- Directions -
Exactly as they appear below, repeat the lines from the one with "中国马业协会副会长陈泽嘉为瑞欧国际马术俱乐部董事长余喜文颁发认证锦旗" through the one with "Popular Elegant Wedding". Drop every picture.

- Dataset records -

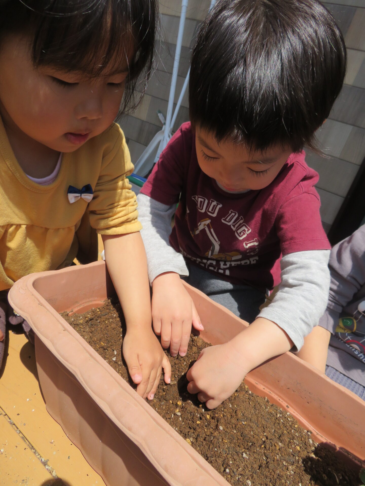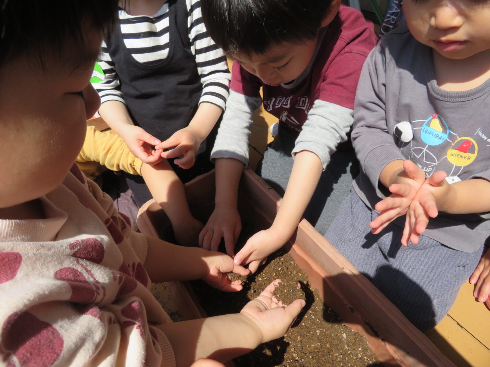 「ふわふわしてるね」「あったかい」と,土の感触を楽しみます。
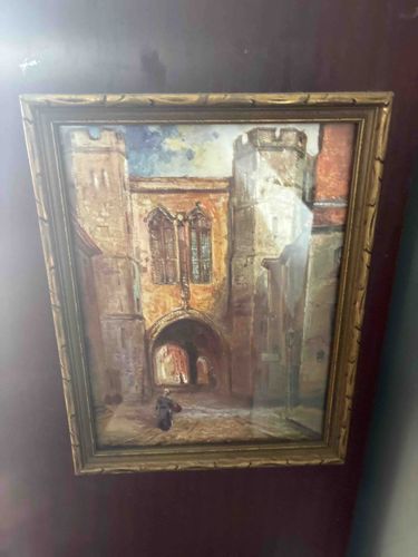 This rectangular framed artwork depicts an impressionistic rendering of a medieval European gatehouse or architectural structure, likely a cathedral entrance or a city gate. The composition features a large stone archway with two flanking crenellated towers, rendered in a warm palette of ochres, browns, and tans, contrasted by a cool, hazy blue sky visible in the upper background. A solitary figure is visible in the foreground, adding a sense of scale to the structure. The painting style is characterized by loose, visible brushwork that suggests texture and light rather than fine detail, placing it likely in the late 19th or early 20th century. The medium appears to be oil on board or canvas, though it is currently protected behind glass. The artwork is housed in a carved, gilded wooden frame featuring a repeated leaf or scale pattern along the outer edge. The frame shows some signs of age-related wear, including minor gilding loss and surface dust. No signature is clearly visible in the provided image, but the quality of light and shadows suggests a skilled artist proficient in architectural studies. The frame construction appears to be mitred corners with a gold-toned patina that enhances the vintage anesthetic. The overall condition appears stable with no major signs of paint flaking or cracking visible from this perspective.
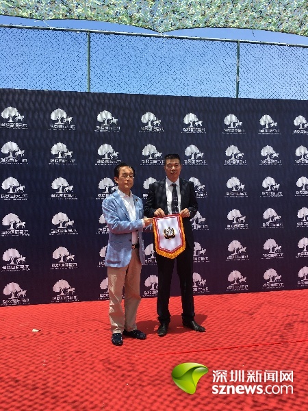 中国马业协会副会长陈泽嘉为瑞欧国际马术俱乐部董事长余喜文颁发认证锦旗
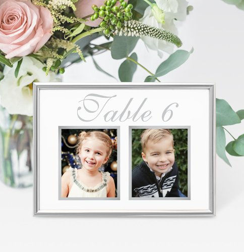 Popular Elegant Wedding Photo Silver White Table Number if you are looking for it we recommend it Elegant Wedding Photo Silver White Table Number It’s in stock and ready to ship.Elegant and unique custom wedding table number cards feature childhood photos of the bride and groom at an age that corresponds with the table number. To customize: type in the table number click "change" by the default photos to upload your own digital or scanned photos and add that individual table number card to your shopping cart. Repeat for all of the table numbers that you need. Silver gray script custom text on a white (can be customized) background color.
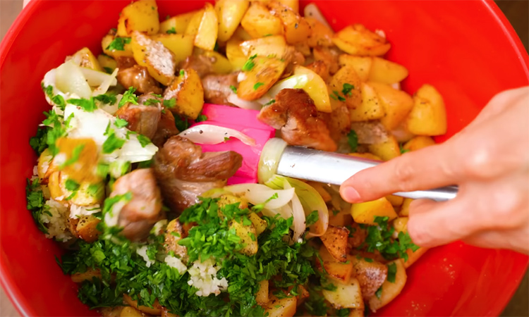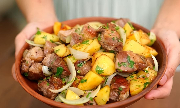 Классическое оджахури ценится за простоту приготовления и за удивительное богатство вкуса. Сначала мясо маринуют в смеси пряностей, чеснока и масла, затем обжаривают до золотистой корочки, а картофель жарят отдельно, чтобы он вобрал в себя соки и ароматы. Соединяют только все в самом финале, а затем еще и дополняют луком, болгарским перцем и зеленью — неудивительно, что в Грузии оджахури считается царским блюдом.
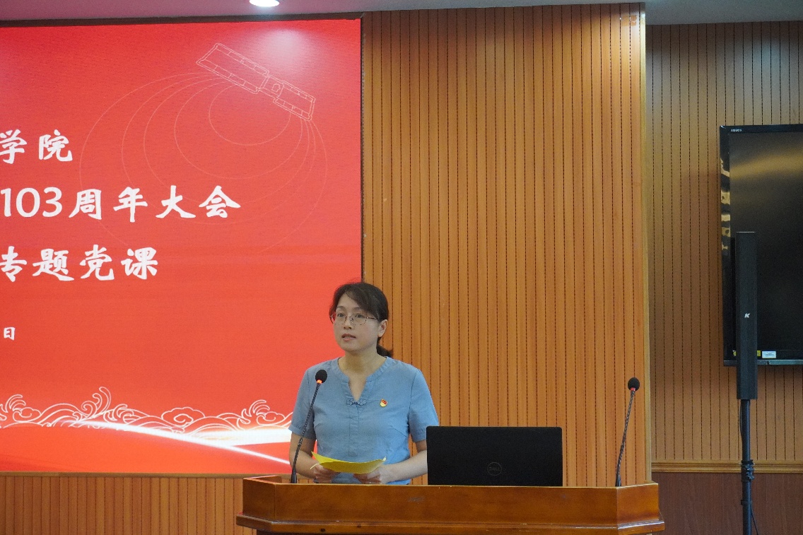 为庆祝中国共产党成立103周年,深入开展党纪学习教育,进一步强化党员教育,提升党员身份意识,6月28日,海洋与地球学院党委举办庆祝中国共产党成立103周年大会暨党纪学习教育专题党课。学院党委委员、纪委委员、海洋生物技术教工党支部、行政党支部党员、全体毕业生党员、全体新发展党员和师生党员代表100余人参加会议。活动由学院党委副书记唐腾凤主持。
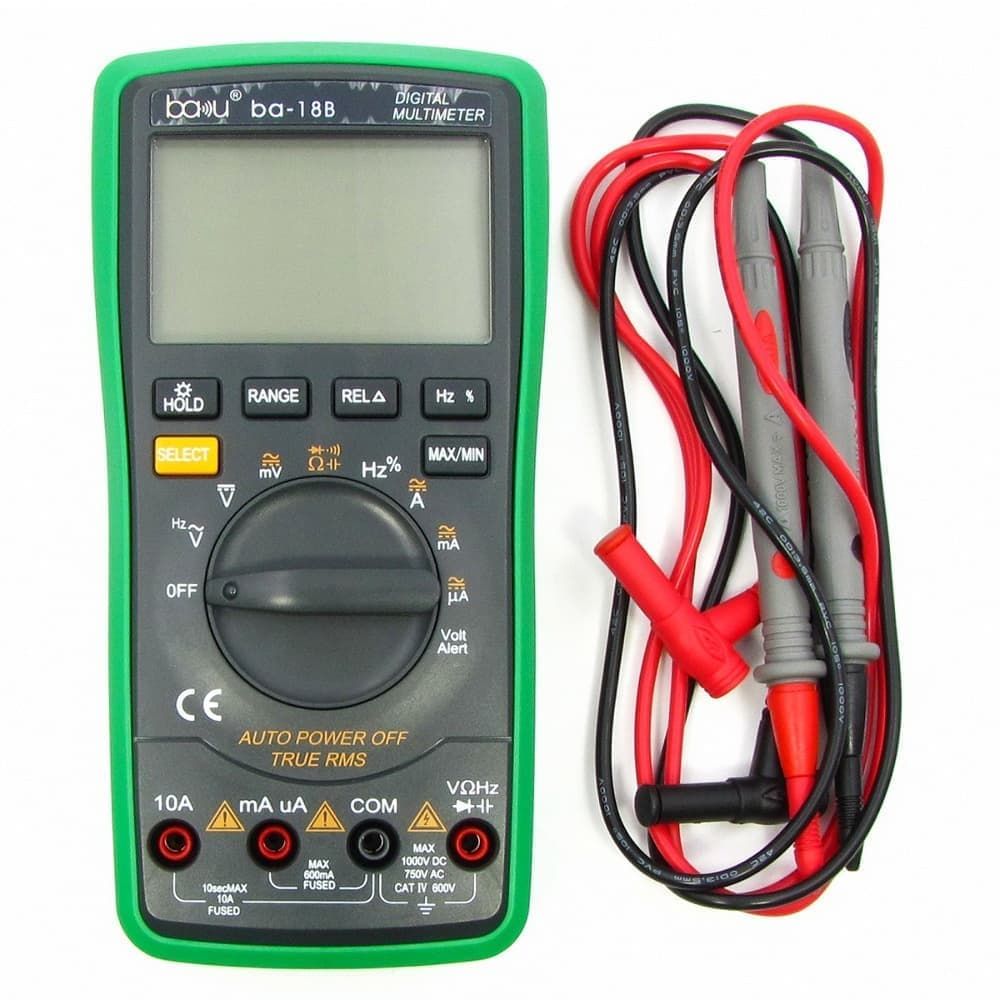 Baku BA-18B – это цифровой мультиметр производства компании Baku, который активно применяется как новичками, так и профессионалами при измерении постоянного и переменного тока, постоянного и переменного напряжения, сопротивления, емкости и частоты. Модель BA-18B оборудована функцией автоматического режима выбора диапазона измерений, что значительно ускоряет измерение. Кроме того, многофункциональный прибор позволяет тестировать диоды и проверять целостность цепи с помощью звуковой индикации. Мультиметр оборудован большим ЖК-дисплеем с подсветкой, благодаря чему работа даже в недостаточно освещенных помещениях становится проще. Функция измерения сигналов с переменной частотой позволяет измерять показания даже при работе прибора. Безопасность таких измерений обеспечивается прорезиненным корпусом, который не скользит и надежно лежит в руке.
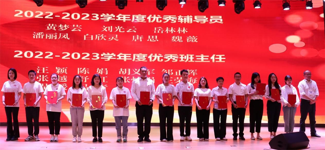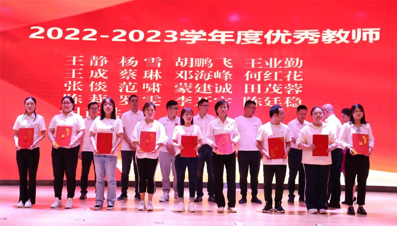在表彰环节,党委副书记杨丽芳同志宣读了《beat365在线体育官网登录入口关于表彰2022-2023学年度优秀教师、教育工作先进个人、优秀辅导员、优秀班主任的决定》《beat365在线体育官网登录入口关于表彰2022年度“两优一先”和“身边榜样”的决定》;团委副书记孙文同志宣读了30年教龄教师名单、2022年目标绩效考核“突出贡献奖”名单、大思政课工作“突出贡献奖”名单,大会对学院131名教师进行现场表彰,与会领导为获得表彰的教师颁发优秀证书。

- Exercise output -
 中国马业协会副会长陈泽嘉为瑞欧国际马术俱乐部董事长余喜文颁发认证锦旗
 Popular Elegant Wedding Photo Silver White Table Number if you are looking for it we recommend it Elegant Wedding Photo Silver White Table Number It’s in stock and ready to ship.Elegant and unique custom wedding table number cards feature childhood photos of the bride and groom at an age that corresponds with the table number. To customize: type in the table number click "change" by the default photos to upload your own digital or scanned photos and add that individual table number card to your shopping cart. Repeat for all of the table numbers that you need. Silver gray script custom text on a white (can be customized) background color.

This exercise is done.